----- Available data
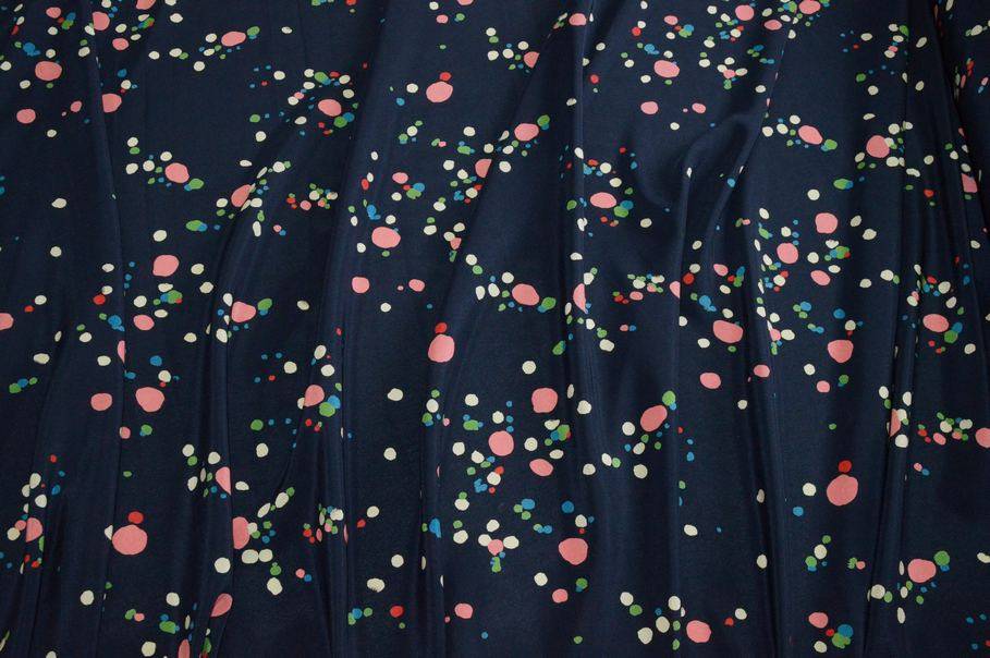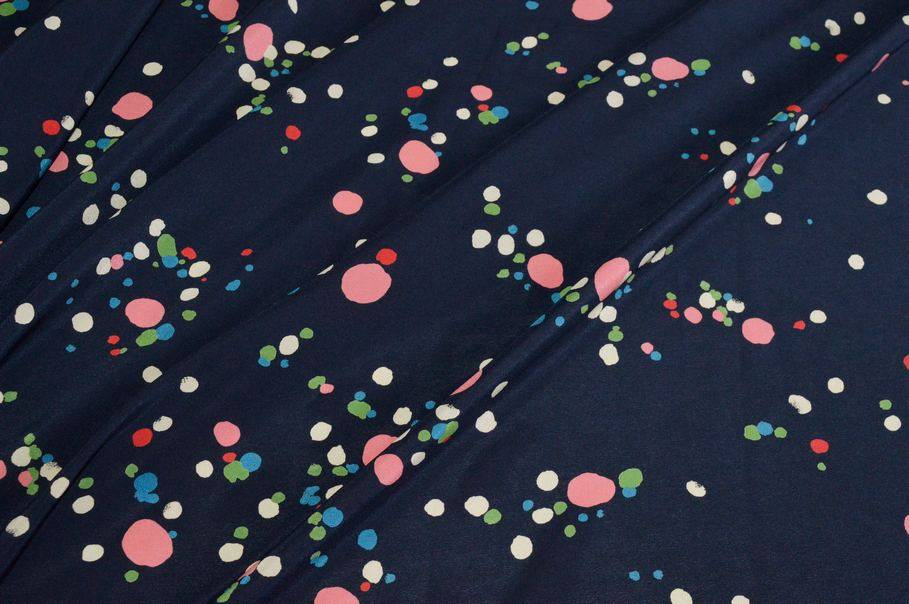 Tessuto crepe de chine realizzato in pura seta, una fibra completamente naturale che conferisce al materiale una mano morbida, leggera e fresca, garantendo traspirabilità e comfort. Una volta indossato, il tessuto si distingue per la sua caduta fluida e svolazzante, rendendolo ideale per capi primaverili ed estivi. Il design presenta un elegante fondo blu notte impreziosito da punti di colore che ricordano schizzi di vernice, dando al tessuto un tocco giovanile e vivace.
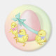 Pequenos Pintinhos dançantes com ovo e arco cor-de-rosa pastel. Design de pastel bonito perfeito para festividades de Páscoa e Primavera.
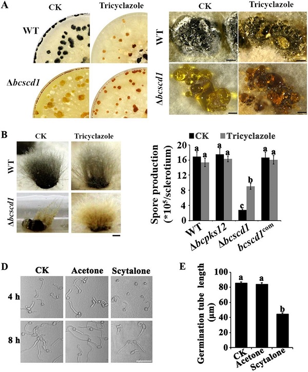 图1 灰霉菌黑色素合成途径重要酶缺失导致中间产物scytalone积累造成发育缺陷
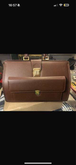 Preciosa maleta de médico antigua, ideal para decoración o uso. Es de cuero marrón, con un diseño clásico y elegante. - Asa de mano resistente. - Cierre metálico dorado. - Compartimento interior con forro beige. - Bolsillo frontal con cierre.
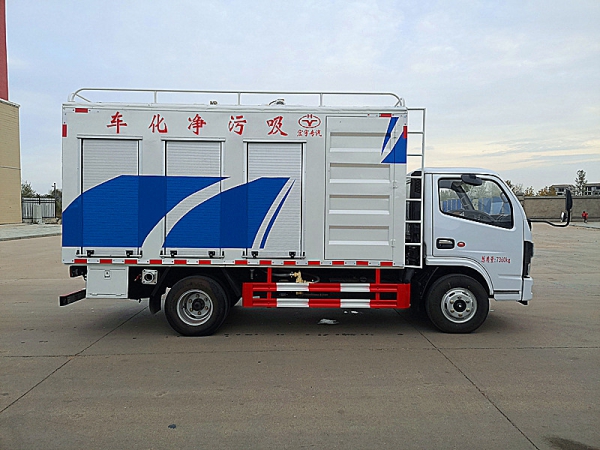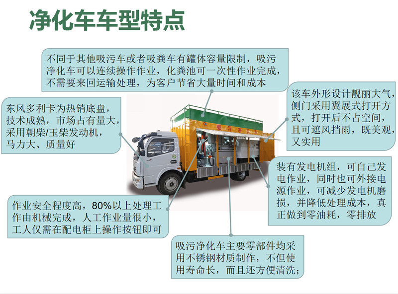 該車采用東風多利卡底盤,側門采用翼展式打開方式,且可遮風擋雨,既美觀,又實用,車輛廂體后部上方設計有LED廣告宣傳電子版,吸污凈化車可以連續操作作業,化糞池可一次性作業完成,設備每小時可出清水5-45立方,可榨出500-2000Kg糞餅,特別適用于對排放要求較高的城市。
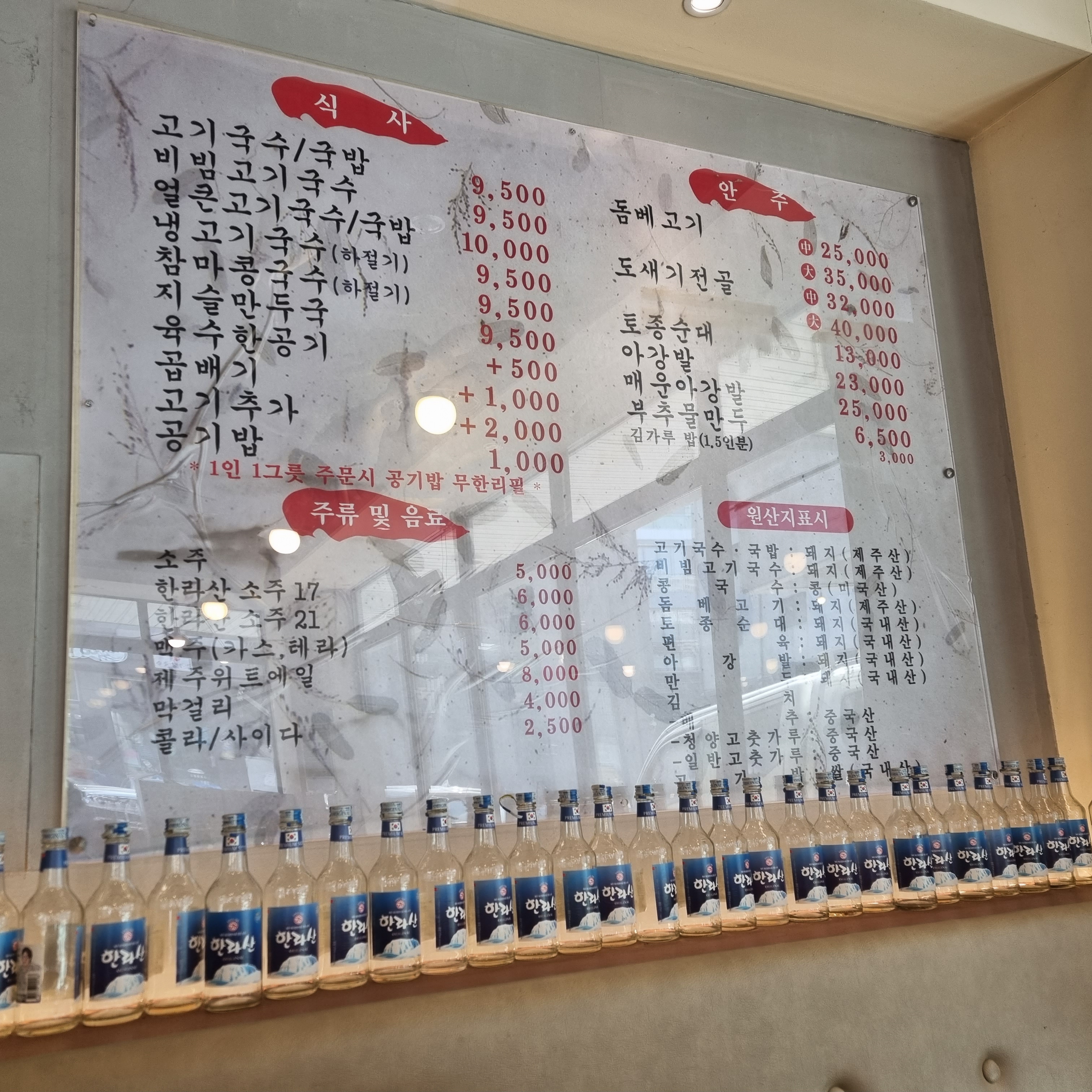 저는 얼큰 고기국수를 주문하였습니다. 아이와 드신다면 그냥 고기국수를 시키시는 것을 추천드립니다. 이곳에 얼큰 고기국밥도 있지만 제가 국밥을 시키지 않고 국수를 시킨 이유가 있습니다. 이유는 바로바로 1인 1주문시 공기밥 무제한 서비스 이기 때문이에요 가격은 10,000원 입니다. 평소 순대국밥을 즐겨먹는데 갑자기 떠오른게 제주 고기 국수더라구요 뽀얀 국물이 정말 진하고 맛도 좋았어요 또 국수와 함께 밥을 말아 먹으니 밥위에 올라오는 국수 몇가닥이 아주 잘 어울렸습니다. 소주는 안시켜 먹을 수 없었어요^^;
----------
### Task goal:
Pictures in the entries do not go into the copy. Print only the lines starting at the one containing "Pequenos Pintinhos dançantes" and ending at the one containing "該車采用東風多利卡底盤,側門", exactly as they appear.

### Response area:
 Pequenos Pintinhos dançantes com ovo e arco cor-de-rosa pastel. Design de pastel bonito perfeito para festividades de Páscoa e Primavera.
 图1 灰霉菌黑色素合成途径重要酶缺失导致中间产物scytalone积累造成发育缺陷
 Preciosa maleta de médico antigua, ideal para decoración o uso. Es de cuero marrón, con un diseño clásico y elegante. - Asa de mano resistente. - Cierre metálico dorado. - Compartimento interior con forro beige. - Bolsillo frontal con cierre.
 該車采用東風多利卡底盤,側門采用翼展式打開方式,且可遮風擋雨,既美觀,又實用,車輛廂體后部上方設計有LED廣告宣傳電子版,吸污凈化車可以連續操作作業,化糞池可一次性作業完成,設備每小時可出清水5-45立方,可榨出500-2000Kg糞餅,特別適用于對排放要求較高的城市。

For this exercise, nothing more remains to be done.